The six former commissioners spoke at a panel in Aspen, Colorado, at the Aspen Ideas Festival. Dr. Frank Young (1984-1989), Dr. David Kessler (1990-1997), Dr. Jane Henney (1999-2001), Dr. Mark McClellan (2002-2004), Dr. Andrew von Eschenbach (2006-2009) and Dr. Margaret Hamburg (2009-2015) all raised their hands when asked if the FDA should escape the constraints of HHS. When asked, the panelists offered various examples from their tenures to support the need for an improved decision-making process.

A stronger presence

Von Eschenbach believes that the agency should have a Cabinet-level presence, while not actually being part of the Cabinet, similar to the Environmental Protection Agency. He stated that the FDA’s areas of governance are so broad that they interact with nearly every other area of government and the country’s interests, such as trade, commerce, defense, state relations, and agriculture, and that it only makes sense to have a stronger presence. In addition, the FDA gets its budget from the U.S. Department of Agriculture but is overseen by HHS, resulting in unnecessary difficulty obtaining funding for projects, such his mission to improve the information technology (IT) infrastructure to better track imports.

Too many bosses

Kessler’s arguments for autonomy focused on micromanagement. He pointed out that there are 150 government officials between the commissioner and the president and that every person up the chain views themselves as the FDA commissioner’s boss. He felt that there was not enough trust in the agency heads to allow them to properly do their job.

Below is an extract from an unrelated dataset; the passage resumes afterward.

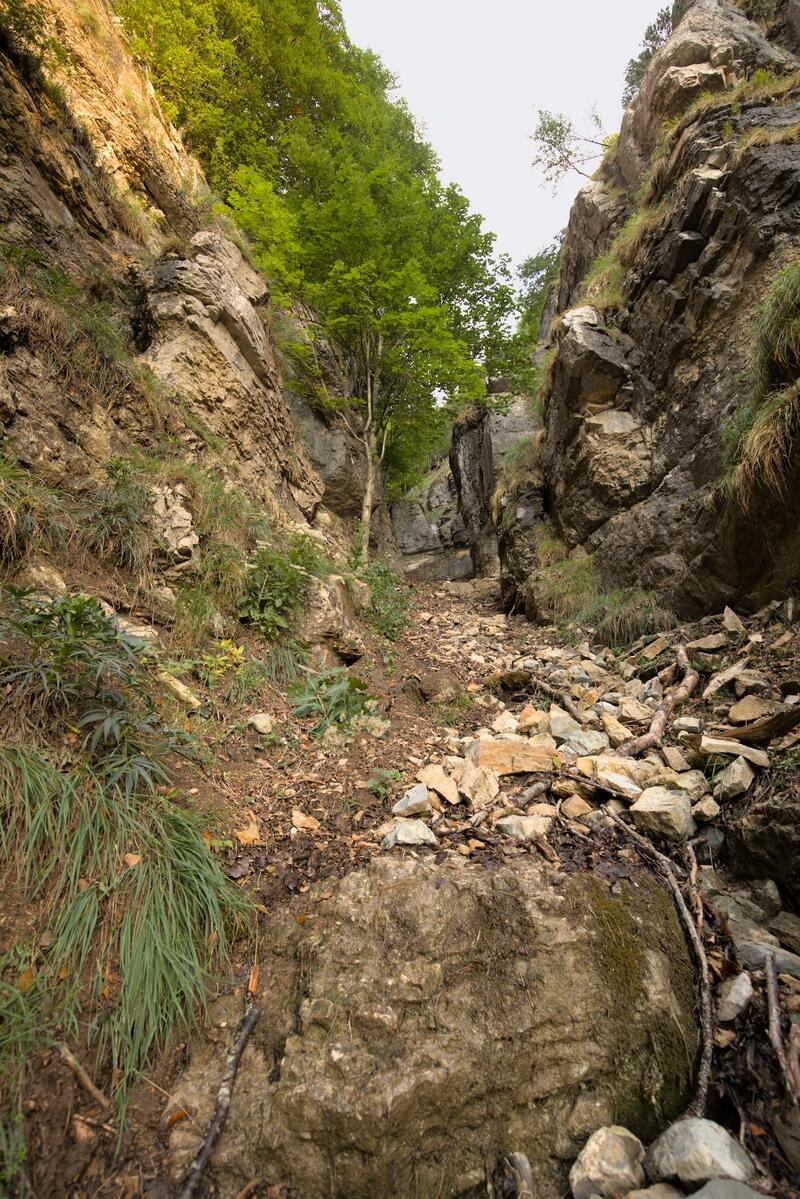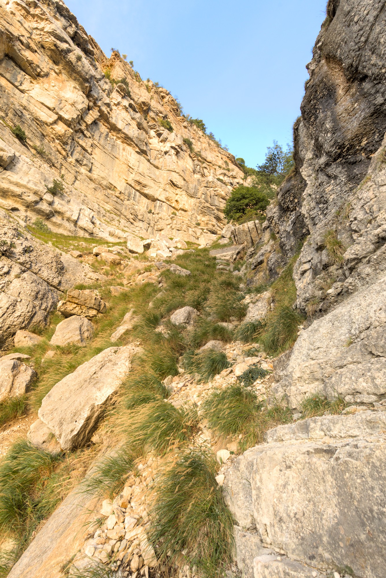 Il est possible de monter dans l’herbe, sur la gauche de la gorge6, ou en plein milieu dans les rochers, à adapter selon le niveau d’humidité, et donc d’accroche, du sol.

Hamburg offered an example of the agency’s inability to see its recommendations come to pass: availability of Plan B contraception. The company offering the drug had completed all of the studies, the FDA closely reviewed the scientific evidence, and a strong recommendation was made to offer the drug over-the-counter (OTC) to improve access. Then-HHS Secretary Kathleen Sebelius overruled the recommendation. Hamburg’s concerns extended beyond this one decision, and she expressed that this set an unwanted precedent and was an example of the high level of oversight surrounding every decision. She noted that nearly everything issued by the FDA was required to be approved by someone higher up.

Follow up

The former commissioners discussed uniting to create a white paper containing their agreed-upon recommendations to present to the next administration. Hamburg felt that the new administration will not tackle this issue soon after taking office, but agreed that it was critical to start the discussion, identify the pressing issues, and assist the legislature in creating workable solutions.